Studiklub Teater Bandung (STB) melakukan pementasan di Jakarta. STB membawakan dua lakon sekaligus, Pagi yang Cerah dan Pinangan. Pementasan teater yang sarat dengan dialog jenaka.

Donna Laura, perempuan tua bangsawan, asyik memberikan remah-remah roti kepada puluhan merpati di sebuah taman di Madrid, Spanyol. Tiba-tiba saja datang Don Gonzala, pria tua yang kaku, angkuh, dan pemarah. Ia datang dengan seorang asistennya, Juanito yang selalu menenteng tas majikannya itu. Keduanya berjalan melewati depan Laura. ”Awas hati-hati,” celetuk Laura, sambil setengah membentak Gonzola. Burung merpati yang menikmati remah-remah roti itu pun beterbangan.

Karena terusik oleh kedatangan Gonzola, Laura pun marah, pertengkaran di antara mereka terjadi. Berkat kefasihan si nyonya tua berceloteh, pertengkaran itu berubah menjadi percakapan intim. Mereka saling mengungkapkan kenangan indah semasa muda. Mulailah syair-syair indah dilantunkan. ”Duapuluh tahun berlalu, dan dia pun kembalilah. Masing-masing saling memandang...benarkah dia orangnya.....” Kedua pun larut dalam percakapan yang semakin intim.

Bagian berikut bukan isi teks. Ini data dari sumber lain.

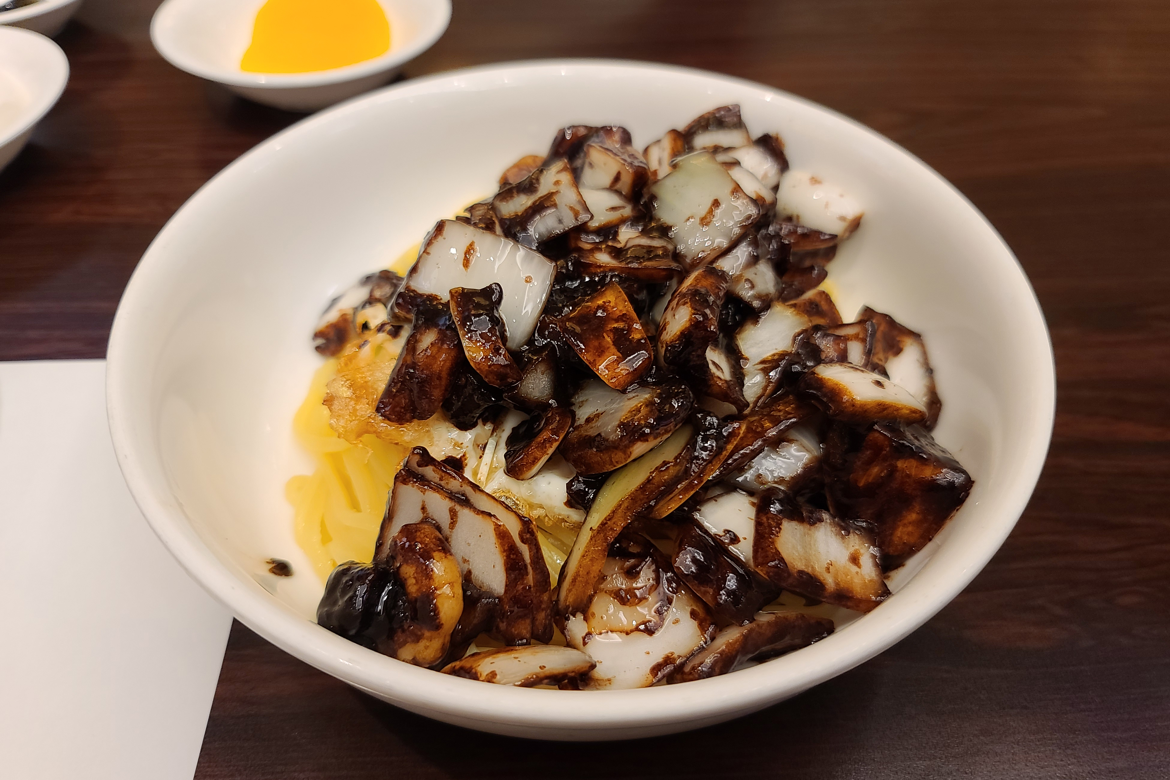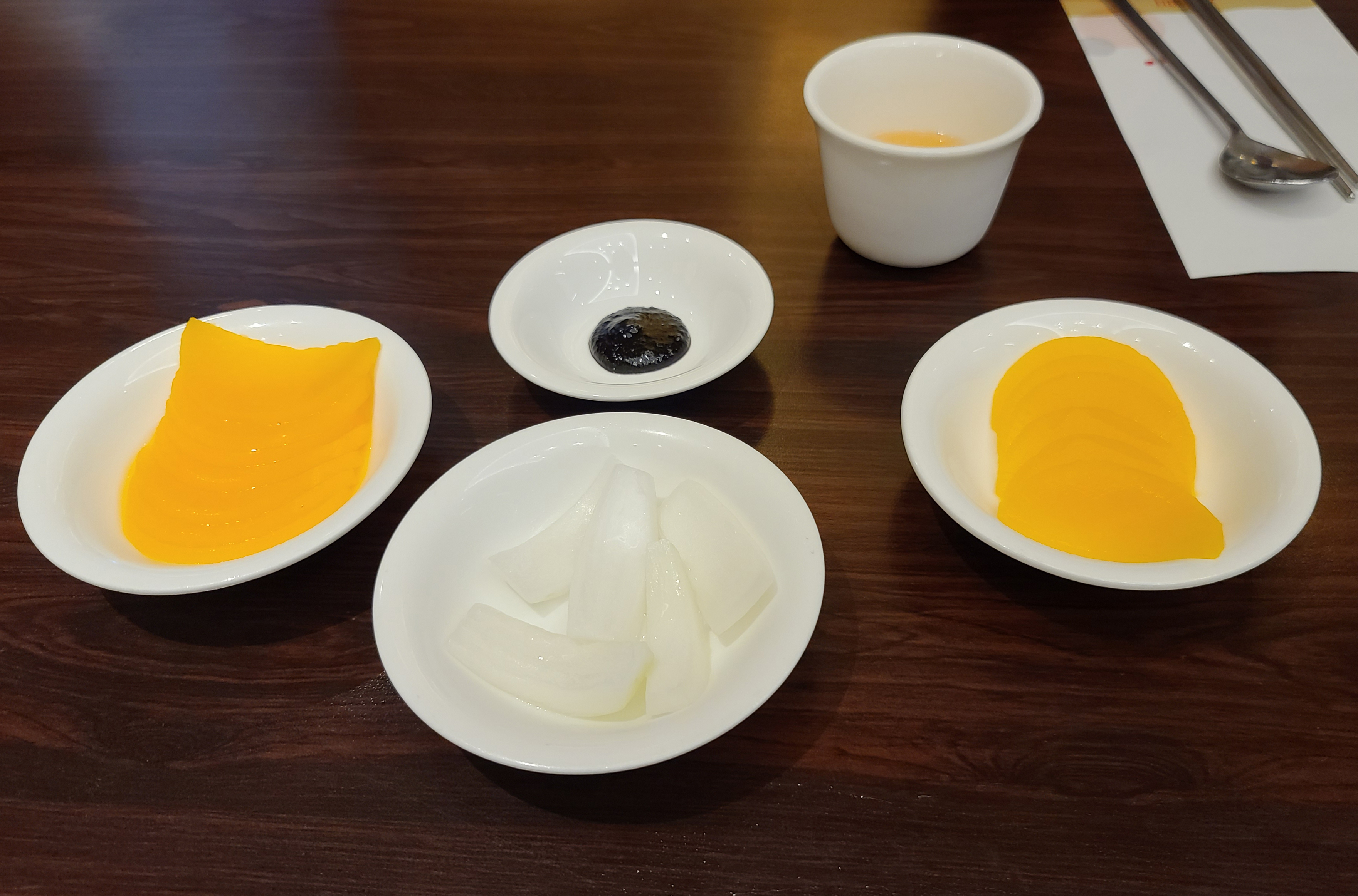 곧이어 제 차례가 왔고, 자리를 안내받아 식사할 자리로 이동하였습니다. 반찬은 양파와 단무지, 춘장이 제공되었으며 중식당답게 자스민차를 내어주었습니다. 주문한 간짜장은 달걀프라이가 올라간 형태였는데요, 한눈에 봐도 진하게 볶여져 나온 간짜장 소스는 보기만해도 군침이 돌았습니다.
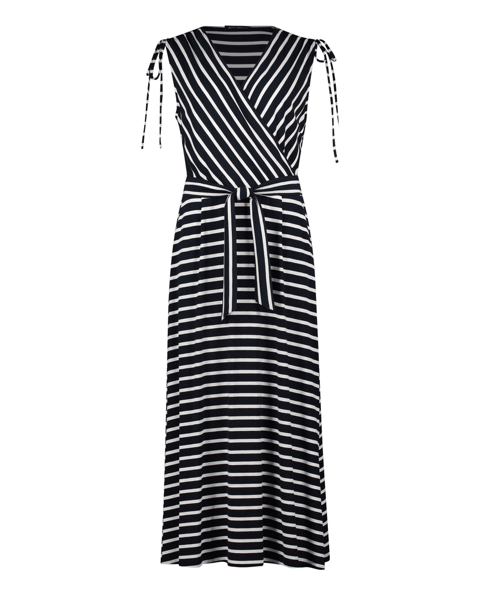 Mouwloze jurk van Betty Barclay met strepen, flatterende V-hals, strikceintuur en bindbandjes op de schouders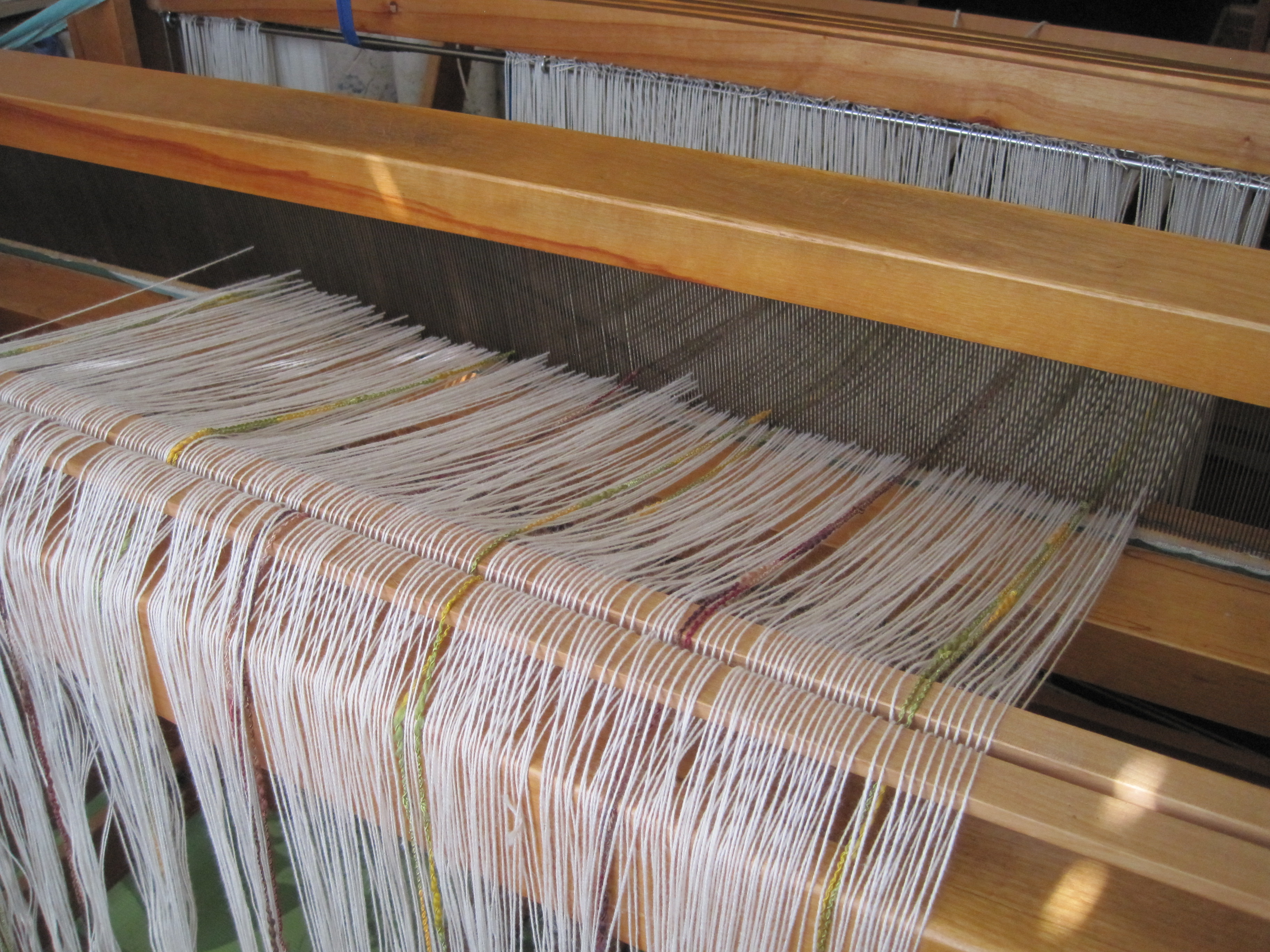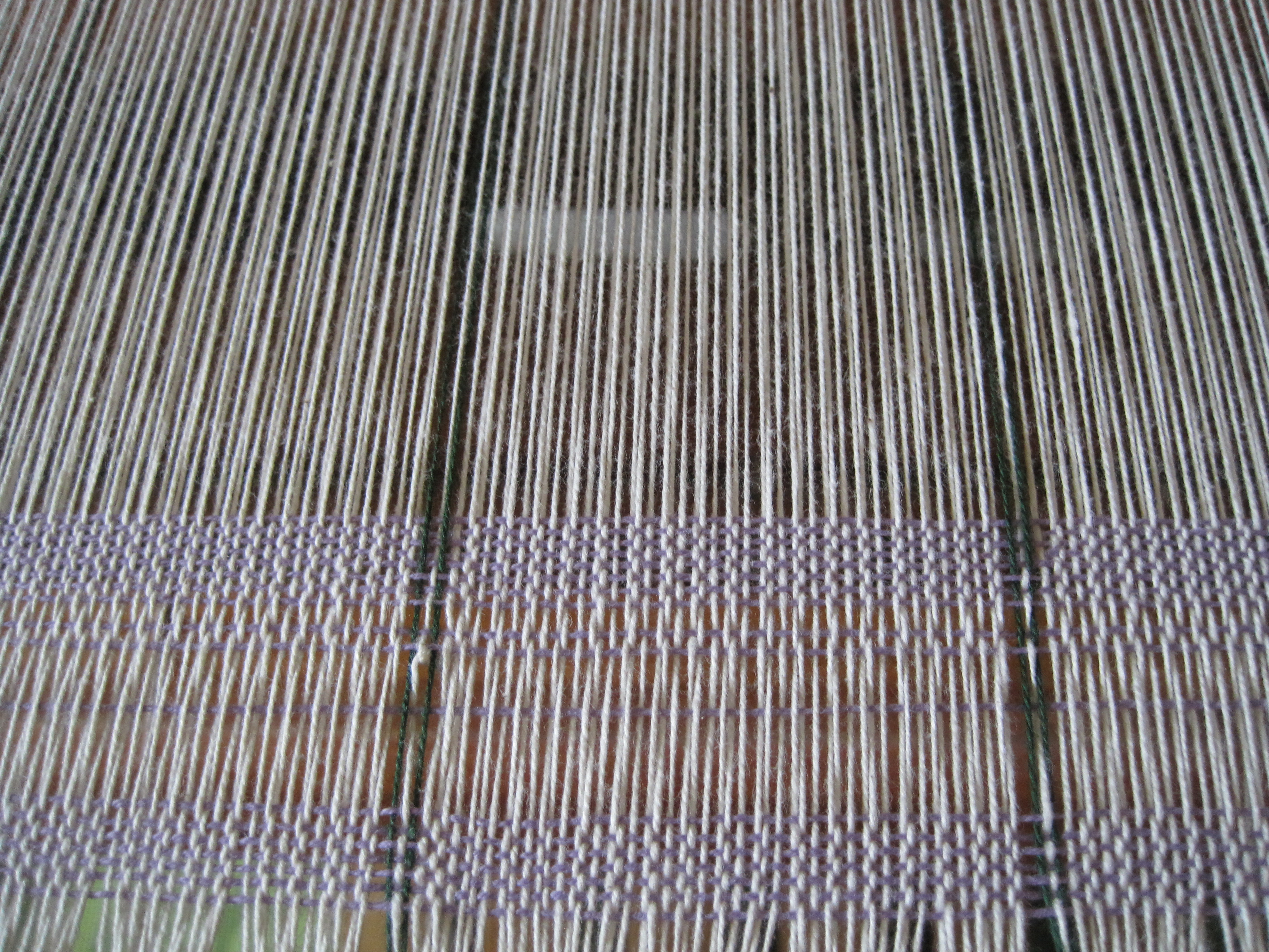 I finally have the “May Towel of the Month on the loom after a couple of false starts.  I made the choice to use 2/8 cotton in natural colour for the body of the towel, and a very pretty cable yarn in cotton and rayon for the accent.  The cable yarn has a thick and thin aspect, with the main part of the yarn about the size of 2\8 cotton, and some nubby parts a bit larger.  So, I went ahead and measured out the warp and proceeded to put it on the loom.  I had to pull the nubby bits by hand through the reed dents, and had no problems in the heddles, but obviously I was in denial about the fit and believed that once the yarn was taut the nubbies would just slide through the reed.IMG_3056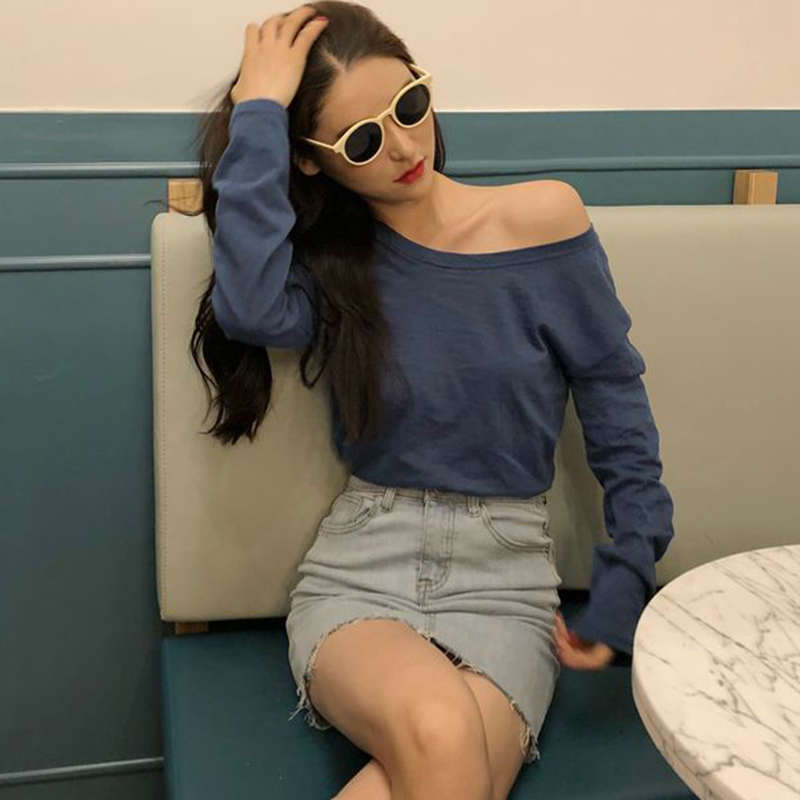 心機露背修身長袖打底衫女早秋新款韓版女裝學生黑色圓領T恤上衣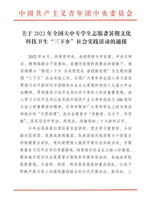 近日,团中央对2022年“三下乡”社会实践活动中表现突出的优秀集体、个人和项目进行通报表扬。经校级评审、省级团委审核推荐、组织评议等环节,贝博“助力乡村振兴 绽放青春光彩”园艺园林学院思源社会实践团荣获全国“三下乡”社会实践优秀团队。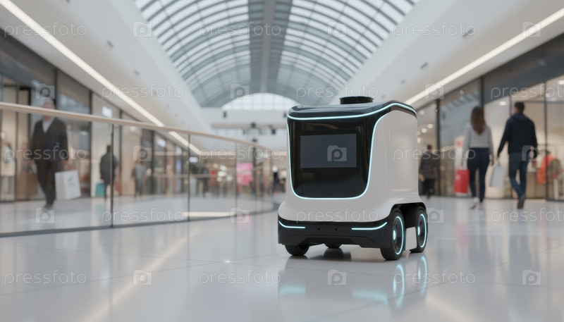 Футуристический робот доставки в торговый центр для инновационных историй, тенденций автоматизации розничной торговли и концепции технологий умного города
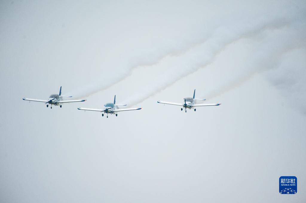 9月22日,在湖南株洲蘆淞機場(chǎng),飛行員進(jìn)行固定翼編隊飛行表演。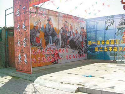 北京海淀區一家酒樓把毛主席與農民座談時的場景設計為廣告牌,懸掛在店外,并寫著“吃了湘菜成偉人”的廣告語。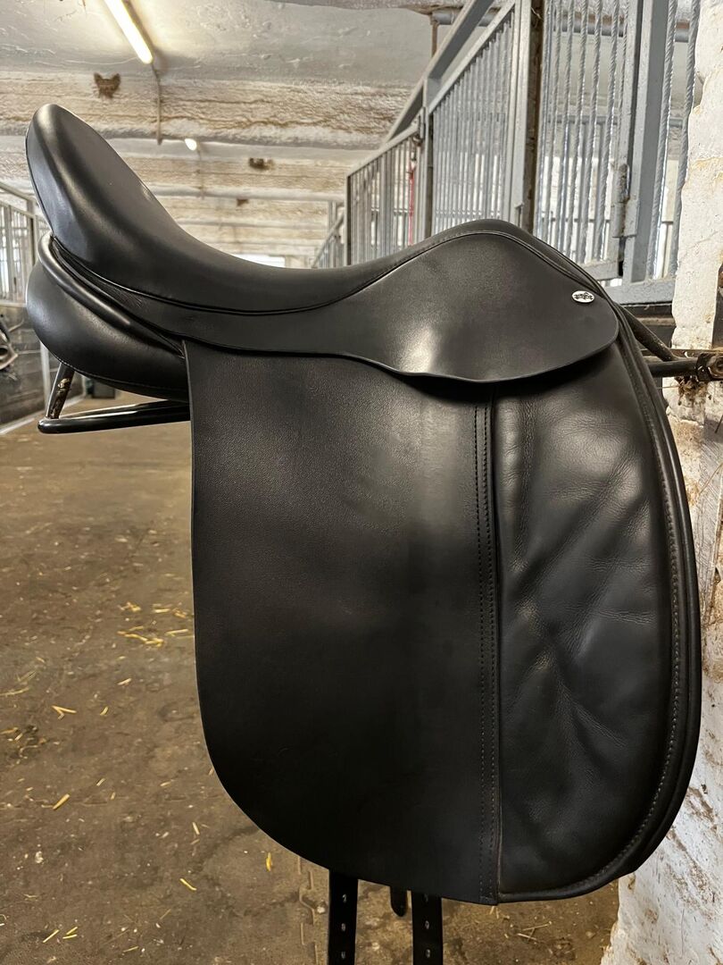 Prydi Switch GP dressuurzadel - 17,5" - Medium schenkelplaat - Ik verkoop mijn goed onderhouden Prydi Switch GP dressuurzadel met 17,5" zit en zwarte "medium" slokdarmplaat. Het zadel is nieuw gekocht in juni 2022 (factuur beschikbaar). Informatie van de fabrikant: De PRYDI SWITCH maakt indruk met zijn innovatieve, verwisselbare slokdarmplaatsysteem, waarmee de breedte van het zadel snel en individueel kan worden aangepast. Het zadel is gebaseerd op een traditionele Engelse zadelboom en biedt een uitstekende pasvorm dankzij de ergonomische slokdarmplaat. Staat: - Zeer goede, goed onderhouden staat - Alleen de gebruikelijke gebruikssporen - De roestvrijstalen ringen die typisch zijn voor IJslandse zadels zijn op mijn verzoek verwijderd - Regelmatig gecontroleerd door de zadelmaker en opgevuld indien nodig Nieuwprijs: € 2.800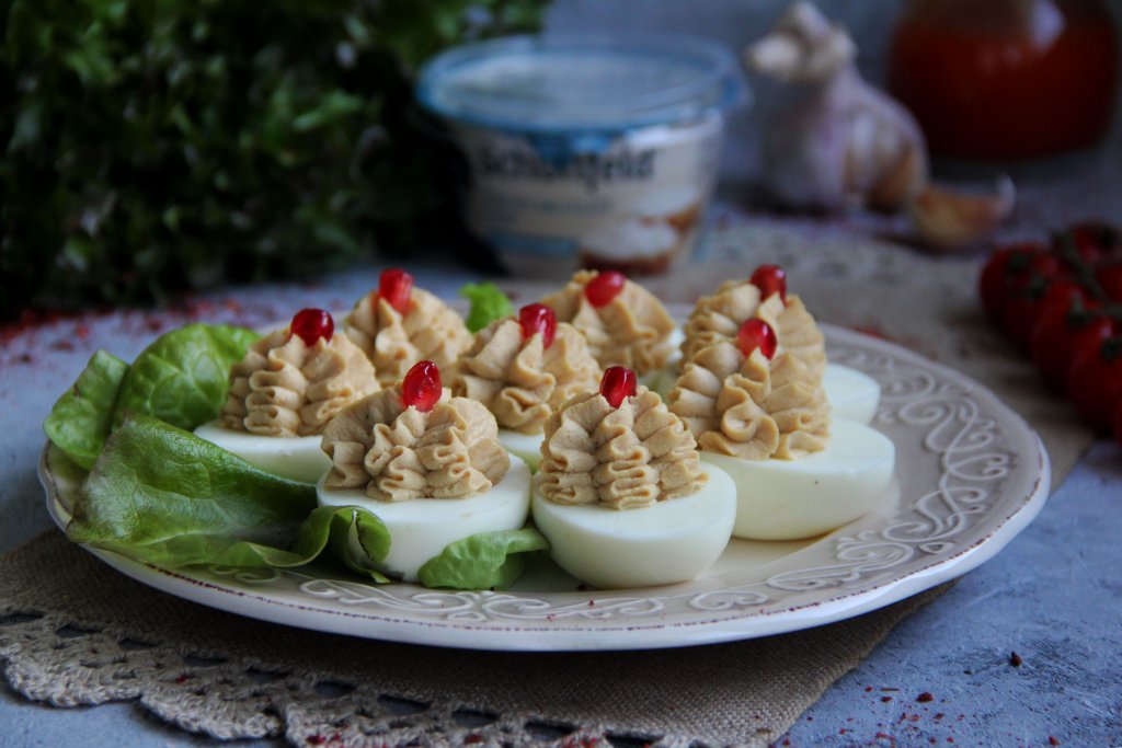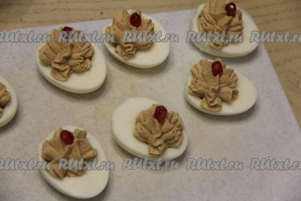 Наполнить получившимся муссом белковые лодочки (или тарталетки). Я выложила мусс в кулинарный мешок с фигурной насадкой и отсадила его в лодочки из белков. Можно намазать мусс на кусочки хлеба, получатся великолепные бутерброды. Перед подачей блюдо можно украсить веточкой укропа или зёрнами граната.
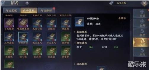 3.内功可以根据获取难易程度自行搭配,前期可以使用绿色、蓝色内功过渡,紫色内功为核心,后期则可以收集金色和红色的稀有高级内功。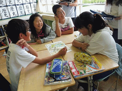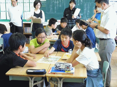 6年2組の番先生が授業を公開してくれました。社会科の歴史単元(平安時代)に関する内容でした。まず、貴族の住まいの絵を見て、気づいたことや疑問などを4人グループで話し合いました。子どもたちは額を寄せ合いながら、自分の気づきをグループの中で仲間に伝えていました。友達の意見につなげて自分の考えを話す児童や、鋭いところに気づく児童もいて、内容の濃い話し合いができました。その後、貴族がどんな文化を生み出したのかを話し合いました。

Kemudian, percakapan di antara mereka pun berhenti. Kedua orang tua yang dulu saling mengenal itu berlalu. Keduanya meninggalkan taman dengan saling melambaikan tangan. Sebelum beranjak dari taman itu, mereka saling berjanji, bertemu kemabali suatu ketika.

Begitulah akhir dari sebuah lakon pendek Pagi yang Cerah, sebuah cerita pendek karya Serafin Alfarez Quintero dan Joaquin Alvarez Quintero. Karya yang diterjemahkan dengan baik oleh Sapardi Djoko Damono ini merupakan karya dua orang kakak beradik asal Spanyol. Tampaknya, karya yang berjudul asli Manana De Sol ini ingin mengajak kepada penonton bahwa masa lalu yang indah merupakan keniscayaan.

*****

Lakon kedua dimainkan. Kali ini lakon ditampilkan cukup menegangkan. Lakon karya Anton Povlovitc Chekhov bercerita tentang keinginan luhur dari seorang bujangan tua yang ingin meminang seorang gadis tetangganya. Pria bernama Ivan Vassilyevitch, dengan berpakaian gaya bangsawan, memakai jas dan topi, mirip pesulap, Ivan datang ke rumah gadis idamannya. Di rumah sang gadis itu ia disambut oleh sang ayah, Stepan Stepanovitch Chubukov. Setangkai bunga yang dibawanya, ia selipkan dibalik topi hitamnya. Denga perasaan gugup ia berkata kepada Stepan. ”Aku datang untuk melamar putrimu Natalya Stepanova,” kata Ivan setengah berteriak. Sontak saja Stepan menyambut hangat. ”Aku sangat bergembira dan seterusnya,” kata Stepan sambil memeluk Ivan erat-erat.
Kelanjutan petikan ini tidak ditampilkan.